谢诗慧朝怀安的方向抬抬下巴,“怀安是运财童子来的,两间铺都被他打理得妥妥帖帖,我当提早退休喽!”
看商商有些心不在焉,猜她是有其他话题想讲,谢诗慧试探着问,“最近怎样?同禮少见面过?”
“你何时也开始称呼他禮少的?”
“他过去卖棺材的时候怀安同许多行家都是这样称呼他的啦!讲真,他的气质又的确同合欢巷上那些铺老板们不大一样。我听怀安说......禮少收回铺头打算自己重开喔?”
“嗯。我有听他讲过。”
谢诗慧的好奇心已经攒到最高,单手托着腮问,“你今日是过来找我闲聊的吗?你真是没事想问我?”
“我是想问你......但又觉得好似不大合适。”
“尽管说说看。”
“我本想问你结婚的感觉是怎样的。”
谢诗慧歪头一笑,“我之前好似同你也聊过类似的话题。你是觉得......我结婚是另有目的的,不是出于爱,恐怕不能理解你的烦恼?”

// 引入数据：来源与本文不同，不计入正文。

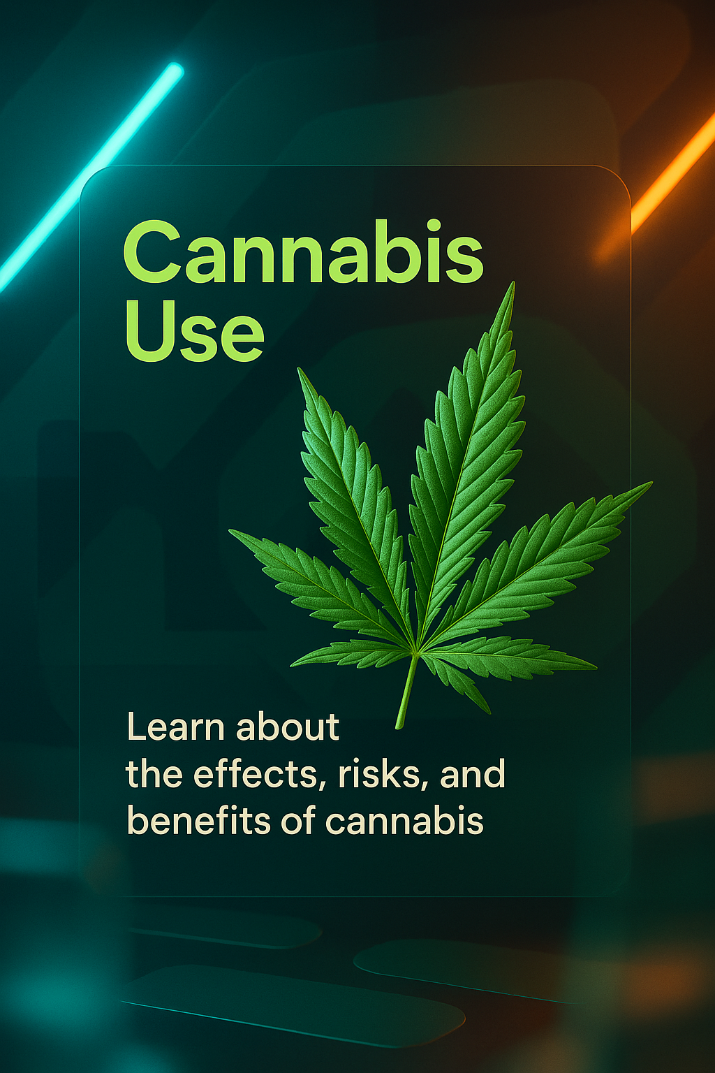 /Collection: /by davooda/Type: PNG/A modern educational graphic featuring a cannabis leaf, designed to inform about the effects, risks, and benefits of cannabis. Suitable for health awareness campaigns.

见商商没反驳,又继续试探着问,“禮少终于鼓起勇气向你求婚啦?”
商商有些惊,以为是怀安透露,谢诗慧却说,“我早前无意中见到他将戒指盒随身带着,想必是早就买好一段时间了。”
“是。我更早的时候也见过。”
“哇!你都见过啊?这么多人见过,那即是他随时带在身上、随时打算找机会向你求婚喔!怎么?这份诚意还不够打动你吗?还是说......你已经被打动了,所以才来问我的前车之鉴?”
“结婚不在我原本的人生计划里面。”商商说。
“但是你原本的人生计划已经完成了喔!”谢诗慧提醒说。
她走到商商身旁坐下,“我的情况的确同你不一样。嫁给王德辉时我的人生计划才算正式开启,我要通过他实现我的复仇。爱,或是他口中对我的爱,从来不在我考虑范围内。所以如果你想问我,因为深爱嫁给一个人的感觉是如何,我的确不清楚。”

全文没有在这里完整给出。